However, eyewitnesses at the scene attributed the accident to Scocozza’s intoxicated condition and the high rate of speed at which his vehicle was traveling, which they estimated to be in excess of 60 miles per hour. According to witnesses, one of whom had written to the Police Department after the operator had resisted claims for property damage resulting from the accident, Scocozza seemed very relaxed, his face was flushed, his eyes were red and watery, and his breath smelled of alcohol. The witnesses concluded that Scocozza was heavily intoxicated at the time of the accident and later when the police arrived. It was claimed that the officers gave the impression that they knew Scocozza. The officers admittedly drove him home. Witnesses had also reported that as Scocozza was being escorted to the patrol car, he offered the officers a $50 bribe to take him to a subway or to a train station. Both officers denied any such bribe offer. About 15 minutes after the patrol car left with Scocozza, the owner of one of the damaged vehicles took photographs of Scocozza’s car, which clearly showed that the tires were inflated. This was contrary to the officers’ accident report subsequently filed which attributed the cause of the accident to be a blowout in the right front tire. About one hour after the occurrence, Scocozza returned to the scene by taxi and drove off in his vehicle. As he turned the corner, witnesses heard what sounded like a blowout.

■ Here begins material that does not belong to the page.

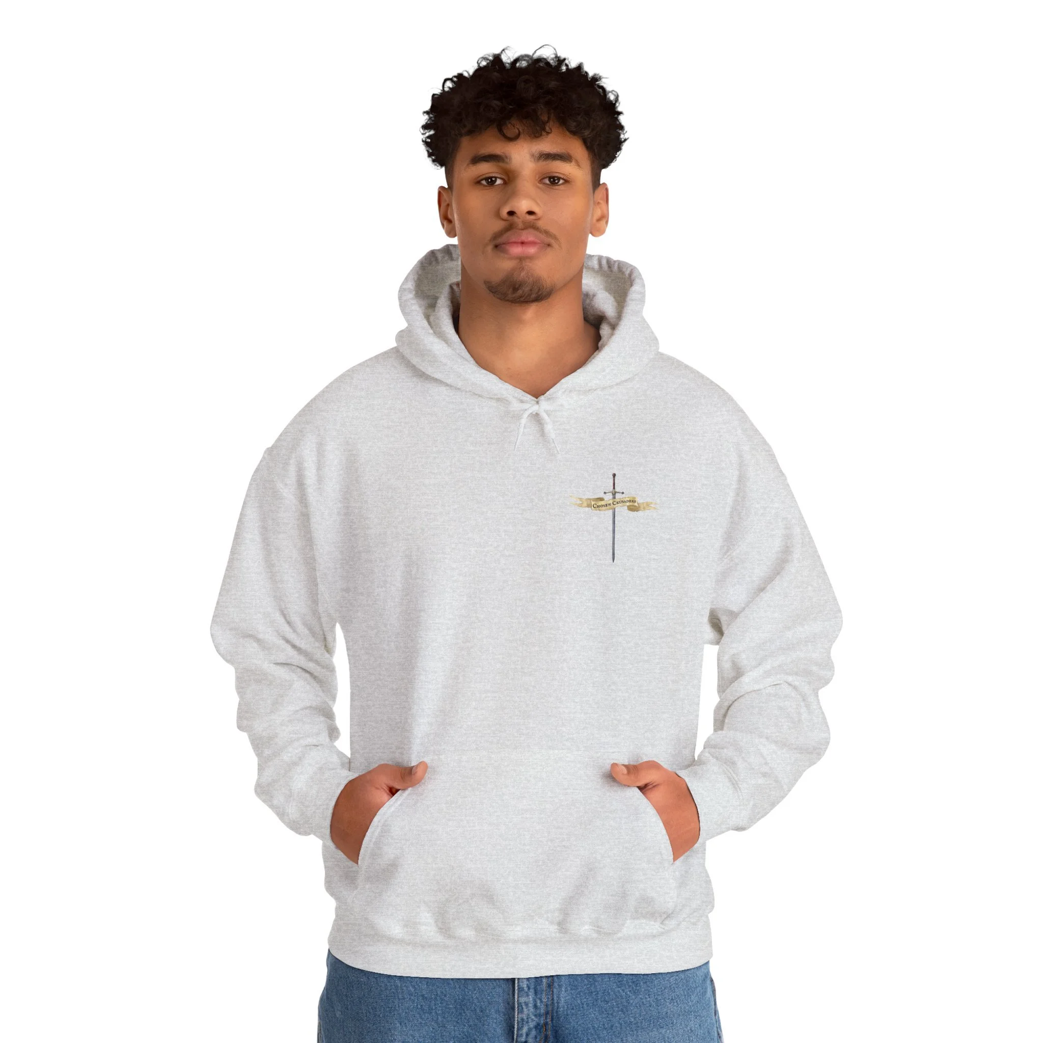 Made with a warm cotton-poly blend, this hoodie is soft, durable, and perfect for everyday wear. The classic fit, pouch pocket, and color-matched drawstrings make it both practical and stylish while keeping your focus on the message of redemption.

A departmental investigation of the two officers was conducted following receipt by the Police Department of a letter *848from one of the alleged eyewitnesses. When the preliminary investigation revealed discrepancies between the accident reports filed by the officers and the accounts of the incident as related by witnesses at the scene, the matter was referred to the District Attorney. Both Rasero and Cerniglia testified before the Grand Jury, in essence that: (1) the accident resulted from a blowout; (2) Scocozza appeared to be in a state of shock when the officers arrived on the scene, but was not drunk; and (3) Scocozza did not offer them a bribe.
Thereafter each officer, by separate indictment, was charged with three counts of perjury in the first degree. Cerniglia’s case proceeded to a bench trial, resulting in an acquittal on all three counts. The court, in its written decision, found the evidence sufficient to create a reasonable doubt as to Cerniglia’s guilt.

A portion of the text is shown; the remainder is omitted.